### Exercise objective
The reader should set down exactly the lines from the one containing "Moderna y elegante" through the last line of the material, omitting every picture.

### Data section

-*-*-

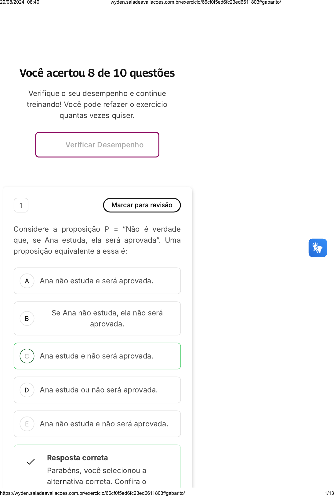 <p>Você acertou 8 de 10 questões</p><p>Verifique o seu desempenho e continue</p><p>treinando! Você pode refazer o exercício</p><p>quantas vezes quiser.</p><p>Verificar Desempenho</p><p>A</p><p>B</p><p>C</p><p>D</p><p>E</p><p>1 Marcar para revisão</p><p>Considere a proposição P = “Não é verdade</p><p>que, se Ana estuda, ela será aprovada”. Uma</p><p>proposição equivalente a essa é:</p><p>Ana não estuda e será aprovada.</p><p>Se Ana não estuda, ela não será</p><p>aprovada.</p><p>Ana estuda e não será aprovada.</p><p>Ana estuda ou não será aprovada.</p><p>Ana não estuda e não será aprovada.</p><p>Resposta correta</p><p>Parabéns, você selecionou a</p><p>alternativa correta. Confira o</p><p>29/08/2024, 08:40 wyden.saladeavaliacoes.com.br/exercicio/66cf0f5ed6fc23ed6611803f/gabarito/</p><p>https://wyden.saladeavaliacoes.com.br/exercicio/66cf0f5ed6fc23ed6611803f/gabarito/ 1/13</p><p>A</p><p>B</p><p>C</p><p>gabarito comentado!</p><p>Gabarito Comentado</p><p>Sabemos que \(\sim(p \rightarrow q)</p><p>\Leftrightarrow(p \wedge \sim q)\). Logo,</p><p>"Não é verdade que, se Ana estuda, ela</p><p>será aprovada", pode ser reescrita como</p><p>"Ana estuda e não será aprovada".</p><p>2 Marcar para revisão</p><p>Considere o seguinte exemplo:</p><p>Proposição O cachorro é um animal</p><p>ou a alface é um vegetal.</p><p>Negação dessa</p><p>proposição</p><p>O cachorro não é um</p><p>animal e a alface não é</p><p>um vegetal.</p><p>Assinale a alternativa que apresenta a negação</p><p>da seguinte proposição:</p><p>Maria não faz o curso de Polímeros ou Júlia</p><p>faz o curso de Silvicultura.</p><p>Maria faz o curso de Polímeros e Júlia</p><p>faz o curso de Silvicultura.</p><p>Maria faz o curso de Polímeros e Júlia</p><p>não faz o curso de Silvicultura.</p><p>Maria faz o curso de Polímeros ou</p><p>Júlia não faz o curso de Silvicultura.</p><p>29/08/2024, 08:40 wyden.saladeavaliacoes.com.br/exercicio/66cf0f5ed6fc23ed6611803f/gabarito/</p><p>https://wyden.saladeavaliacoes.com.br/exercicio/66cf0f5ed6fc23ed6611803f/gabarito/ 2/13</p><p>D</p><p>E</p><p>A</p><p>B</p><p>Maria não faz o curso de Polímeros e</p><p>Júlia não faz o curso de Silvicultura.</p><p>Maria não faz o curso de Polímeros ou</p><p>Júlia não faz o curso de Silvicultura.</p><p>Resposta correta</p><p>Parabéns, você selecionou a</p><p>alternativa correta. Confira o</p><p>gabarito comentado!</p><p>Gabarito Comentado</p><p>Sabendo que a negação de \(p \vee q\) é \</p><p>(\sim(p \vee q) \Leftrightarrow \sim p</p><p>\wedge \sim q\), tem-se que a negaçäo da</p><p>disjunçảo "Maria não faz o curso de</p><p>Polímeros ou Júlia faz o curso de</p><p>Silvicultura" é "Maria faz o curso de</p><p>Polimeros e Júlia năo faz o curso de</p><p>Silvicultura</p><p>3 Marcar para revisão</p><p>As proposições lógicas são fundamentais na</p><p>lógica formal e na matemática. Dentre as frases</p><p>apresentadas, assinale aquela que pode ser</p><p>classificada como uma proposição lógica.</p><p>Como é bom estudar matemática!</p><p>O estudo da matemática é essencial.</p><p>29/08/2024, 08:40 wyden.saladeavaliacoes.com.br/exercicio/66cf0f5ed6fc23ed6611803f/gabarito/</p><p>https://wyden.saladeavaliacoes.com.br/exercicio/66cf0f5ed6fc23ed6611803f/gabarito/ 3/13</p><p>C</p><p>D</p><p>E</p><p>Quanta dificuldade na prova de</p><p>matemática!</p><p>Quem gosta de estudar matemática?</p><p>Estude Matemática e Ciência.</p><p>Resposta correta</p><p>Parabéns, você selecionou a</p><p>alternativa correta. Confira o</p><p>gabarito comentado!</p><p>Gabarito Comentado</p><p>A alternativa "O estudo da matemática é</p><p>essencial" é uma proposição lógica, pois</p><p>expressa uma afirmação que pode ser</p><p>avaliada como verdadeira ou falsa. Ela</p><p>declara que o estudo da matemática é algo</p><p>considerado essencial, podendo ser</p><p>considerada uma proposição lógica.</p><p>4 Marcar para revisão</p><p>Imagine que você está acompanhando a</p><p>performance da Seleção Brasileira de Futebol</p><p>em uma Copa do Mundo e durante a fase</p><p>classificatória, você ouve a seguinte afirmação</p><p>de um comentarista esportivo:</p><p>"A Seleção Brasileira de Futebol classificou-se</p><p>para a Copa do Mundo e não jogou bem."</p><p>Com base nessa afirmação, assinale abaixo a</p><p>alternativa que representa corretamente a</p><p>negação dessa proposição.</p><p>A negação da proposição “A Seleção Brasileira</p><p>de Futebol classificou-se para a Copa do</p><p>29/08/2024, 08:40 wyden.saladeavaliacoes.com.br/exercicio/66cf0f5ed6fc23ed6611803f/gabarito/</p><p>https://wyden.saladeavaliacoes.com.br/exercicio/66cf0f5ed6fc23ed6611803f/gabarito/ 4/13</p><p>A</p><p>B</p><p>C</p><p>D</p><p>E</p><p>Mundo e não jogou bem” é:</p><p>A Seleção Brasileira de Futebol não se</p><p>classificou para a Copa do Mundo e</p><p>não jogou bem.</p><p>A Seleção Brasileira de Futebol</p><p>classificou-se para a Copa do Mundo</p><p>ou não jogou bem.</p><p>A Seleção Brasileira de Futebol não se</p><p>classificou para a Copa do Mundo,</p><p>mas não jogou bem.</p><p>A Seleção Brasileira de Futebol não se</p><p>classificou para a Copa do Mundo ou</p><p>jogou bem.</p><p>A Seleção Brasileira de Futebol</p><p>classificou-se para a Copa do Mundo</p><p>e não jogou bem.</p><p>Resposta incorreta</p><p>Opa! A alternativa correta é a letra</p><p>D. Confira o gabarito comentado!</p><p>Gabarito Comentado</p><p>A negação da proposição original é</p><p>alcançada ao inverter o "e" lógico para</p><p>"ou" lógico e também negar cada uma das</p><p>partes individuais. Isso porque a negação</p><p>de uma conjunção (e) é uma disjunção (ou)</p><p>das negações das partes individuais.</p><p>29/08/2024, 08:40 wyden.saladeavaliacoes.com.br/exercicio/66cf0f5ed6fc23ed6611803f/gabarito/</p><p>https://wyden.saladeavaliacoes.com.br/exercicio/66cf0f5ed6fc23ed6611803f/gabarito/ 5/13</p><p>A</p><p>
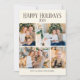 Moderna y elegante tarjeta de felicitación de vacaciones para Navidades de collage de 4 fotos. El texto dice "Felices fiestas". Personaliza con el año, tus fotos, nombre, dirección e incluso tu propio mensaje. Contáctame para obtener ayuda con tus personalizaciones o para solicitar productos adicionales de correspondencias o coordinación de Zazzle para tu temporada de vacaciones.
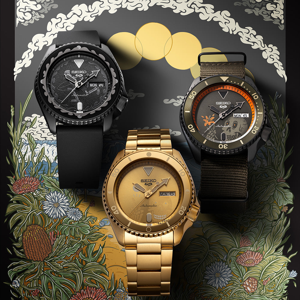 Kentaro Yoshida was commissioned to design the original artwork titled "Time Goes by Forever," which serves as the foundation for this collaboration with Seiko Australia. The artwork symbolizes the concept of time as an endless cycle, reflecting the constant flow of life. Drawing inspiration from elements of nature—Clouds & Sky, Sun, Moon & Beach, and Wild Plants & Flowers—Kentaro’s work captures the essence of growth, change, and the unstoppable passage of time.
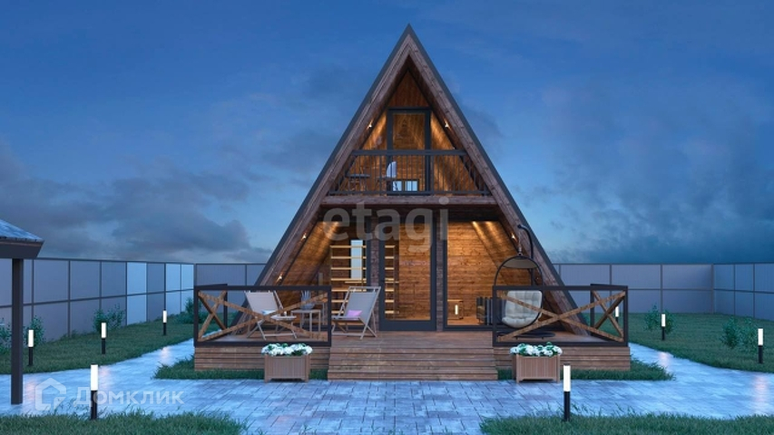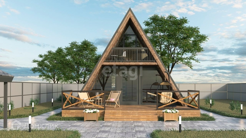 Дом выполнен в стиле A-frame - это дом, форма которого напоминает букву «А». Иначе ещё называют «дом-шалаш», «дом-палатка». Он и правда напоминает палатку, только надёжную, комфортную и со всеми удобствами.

-*-*-

### Task result
 Moderna y elegante tarjeta de felicitación de vacaciones para Navidades de collage de 4 fotos. El texto dice "Felices fiestas". Personaliza con el año, tus fotos, nombre, dirección e incluso tu propio mensaje. Contáctame para obtener ayuda con tus personalizaciones o para solicitar productos adicionales de correspondencias o coordinación de Zazzle para tu temporada de vacaciones.
 Kentaro Yoshida was commissioned to design the original artwork titled "Time Goes by Forever," which serves as the foundation for this collaboration with Seiko Australia. The artwork symbolizes the concept of time as an endless cycle, reflecting the constant flow of life. Drawing inspiration from elements of nature—Clouds & Sky, Sun, Moon & Beach, and Wild Plants & Flowers—Kentaro’s work captures the essence of growth, change, and the unstoppable passage of time.
 Дом выполнен в стиле A-frame - это дом, форма которого напоминает букву «А». Иначе ещё называют «дом-шалаш», «дом-палатка». Он и правда напоминает палатку, только надёжную, комфортную и со всеми удобствами.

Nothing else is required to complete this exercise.